Janus-type emission from a cyclometalated iron(iii) complex

• Published in: Nature chemistry Vol. 15; no. 4; pp. 468 - 474
• Main Authors: Steube, Jakob, Kruse, Ayla, Bokareva, Olga S., Reuter, Thomas, Demeshko, Serhiy, Schoch, Roland, Argüello Cordero, Miguel A., Krishna, Athul, Hohloch, Stephan, Meyer, Franc, Heinze, Katja, Kühn, Oliver, Lochbrunner, Stefan, Bauer, Matthias
• Format: Journal Article
• Language: English
• Published: London Nature Publishing Group UK 01.04.2023; Nature Publishing Group
• Subjects: 639/638/224/685; 639/638/439/890; 639/638/439/943; 639/638/440/949; 639/638/563/979; Analytical Chemistry; Biochemistry; Carbenes; Catalysis; Charge transfer; Chemistry; Chemistry and Materials Science; Chemistry/Food Science; Deactivation; Electron transfer; Emission; Emissions; Heavy metals; Inorganic Chemistry; Iron; Iron compounds; Ligands; Metals; Noble metals; Organic Chemistry; Oxidation; Photoredox catalysis; Physical Chemistry
• ISSN: 1755-4330; 1755-4349; 1755-4349
• DOI: 10.1038/s41557-023-01137-w

Although iron is a dream candidate to substitute noble metals in photoactive complexes, realization of emissive and photoactive iron compounds is demanding due to the fast deactivation of their charge-transfer states. Emissive iron compounds are scarce and dual emission has not been observed before.
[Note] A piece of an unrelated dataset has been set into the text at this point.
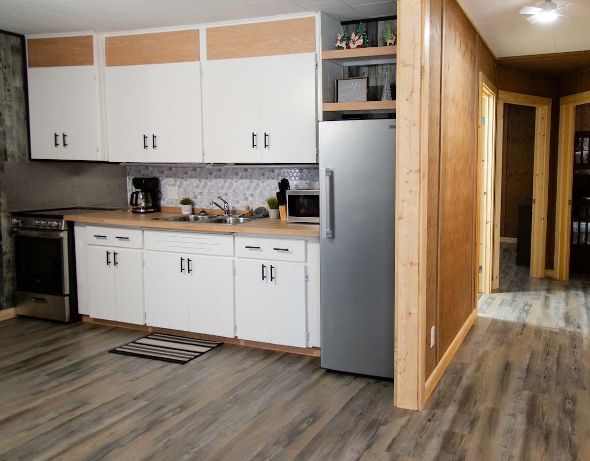 Know for its incredible hunting and fishing & LARGEST MOOSE in Manitoba! Beautiful RIVERTON. This Adorable renovated. BRIGHT! FRESH & CLEAN! Located just minutes from the water. Open style kitchen with Island and bar chairs, Sleeps 6-8 people. Included to use, new BBQ, patio furniture, Fire pit, full size newer fridge, oven, toaster, toaster oven, coffee maker, kettle, microwave, pots pans, cutlery, plates, glasses and much more. Relax & enjoy yourself! Reserve your date today!!

Here we report the Fe III complex [Fe(ImP) 2 ][PF 6 ] (HImP = 1,1′-(1,3-phenylene)bis(3-methyl-1-imidazol-2-ylidene)), showing a Janus-type dual emission from ligand-to-metal charge transfer (LMCT)- and metal-to-ligand charge transfer (MLCT)-dominated states. This behaviour is achieved by a ligand design that combines four N -heterocyclic carbenes with two cyclometalating aryl units. The low-lying π * levels of the cyclometalating units lead to energetically accessible MLCT states that cannot evolve into LMCT states. With a lifetime of 4.6 ns, the strongly reducing and oxidizing MLCT-dominated state can initiate electron transfer reactions, which could constitute a basis for future applications of iron in photoredox catalysis. Noble metals dominate the field of photosensitizers and luminophores. Now, an approach incorporating cyclometalating and carbene functions into Fe III complexes has been shown to enable dual emission from the opposing ligand-to-metal and metal-to-ligand charge-transfer states. The latter shows an exceptionally long lifetime of 4.6 ns and is quenched by oxygen and other quenchers.